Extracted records
====
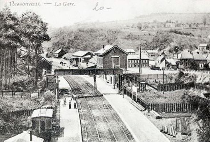 Reproductie van een postkaart met als opschrift ' Nessonvaux. - La Gare.' De postkaart toont de stationsgebouwen en de beide perrons. Over de sporen loopt een voetgangersbrug. Spoorwegpersoneel poseert op de sporen en het perron.
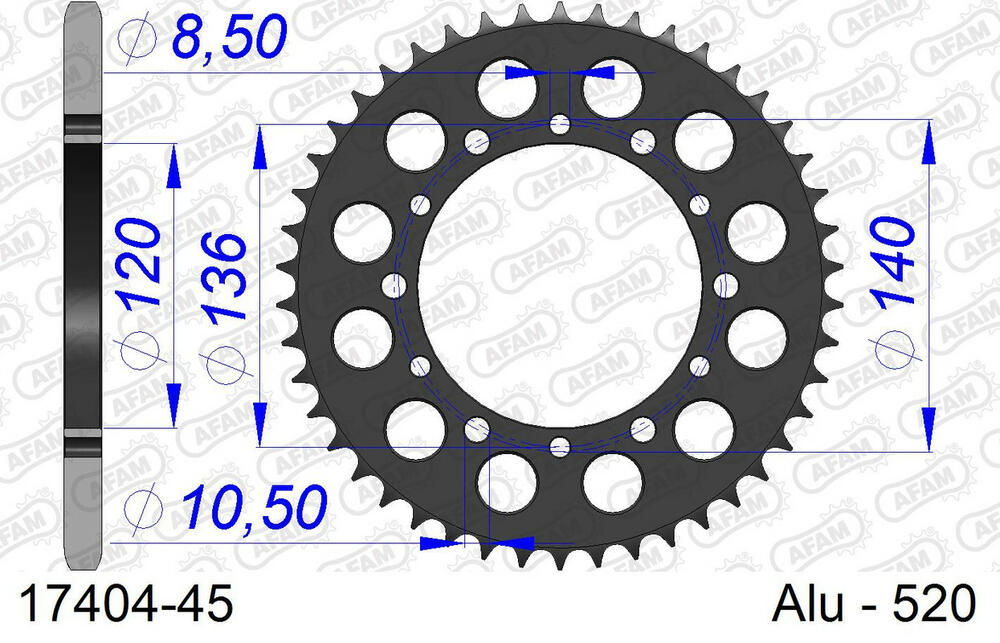 - hinten AFAM 520 Aluminium Kettenrad 45 Zähne
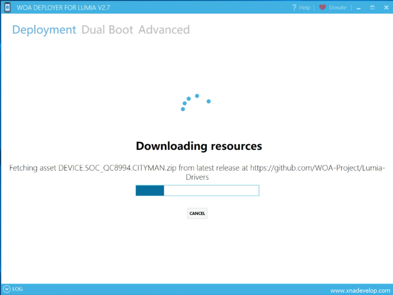 下载驱动,这个阶段时间非常长,由于驱动是从国外服务器上下载,容易出现网络错误。出错以后WOA.Deployer的安装目录会删除所有原先下载的驱动,所以需要重新点击 【Deploy】,重新开始
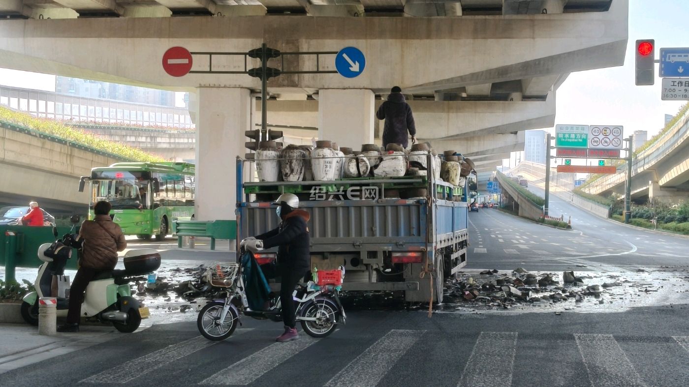 这次损失有点大哦,车上载的坛装黄酒碎了很多坛!
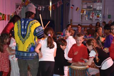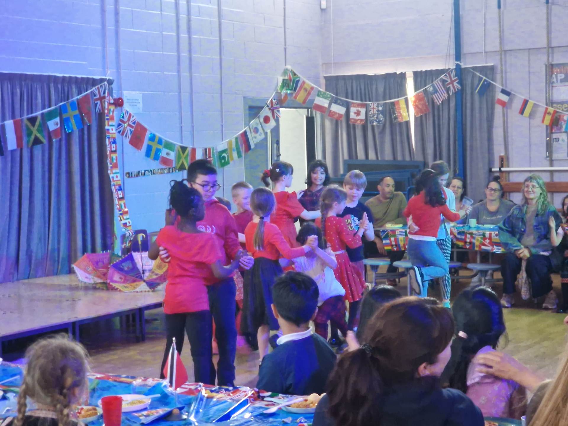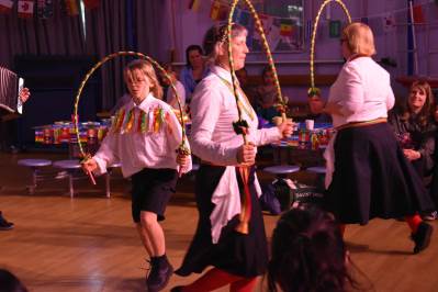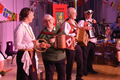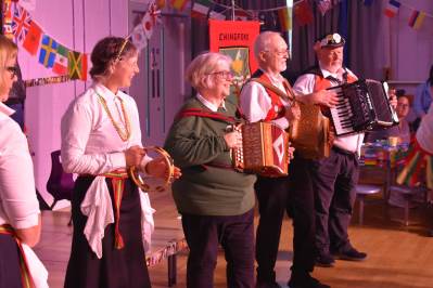 What an evening! Those that attended last Friday to come together and celebrate our international links had a brilliant time. The savoury food that everyone generously contributed looked, smelt and tasted amazing! There really wasn’t much left at all before the entertainment began! The cake and dessert table was equally wonderful and extremely tempting! The hall and dining room were beautifully decorated with flags and tablecloths from across the world.
====
Pictures omitted, give the entries again exactly.

 Reproductie van een postkaart met als opschrift ' Nessonvaux. - La Gare.' De postkaart toont de stationsgebouwen en de beide perrons. Over de sporen loopt een voetgangersbrug. Spoorwegpersoneel poseert op de sporen en het perron.
 - hinten AFAM 520 Aluminium Kettenrad 45 Zähne
 下载驱动,这个阶段时间非常长,由于驱动是从国外服务器上下载,容易出现网络错误。出错以后WOA.Deployer的安装目录会删除所有原先下载的驱动,所以需要重新点击 【Deploy】,重新开始
 这次损失有点大哦,车上载的坛装黄酒碎了很多坛!
 What an evening! Those that attended last Friday to come together and celebrate our international links had a brilliant time. The savoury food that everyone generously contributed looked, smelt and tasted amazing! There really wasn’t much left at all before the entertainment began! The cake and dessert table was equally wonderful and extremely tempting! The hall and dining room were beautifully decorated with flags and tablecloths from across the world.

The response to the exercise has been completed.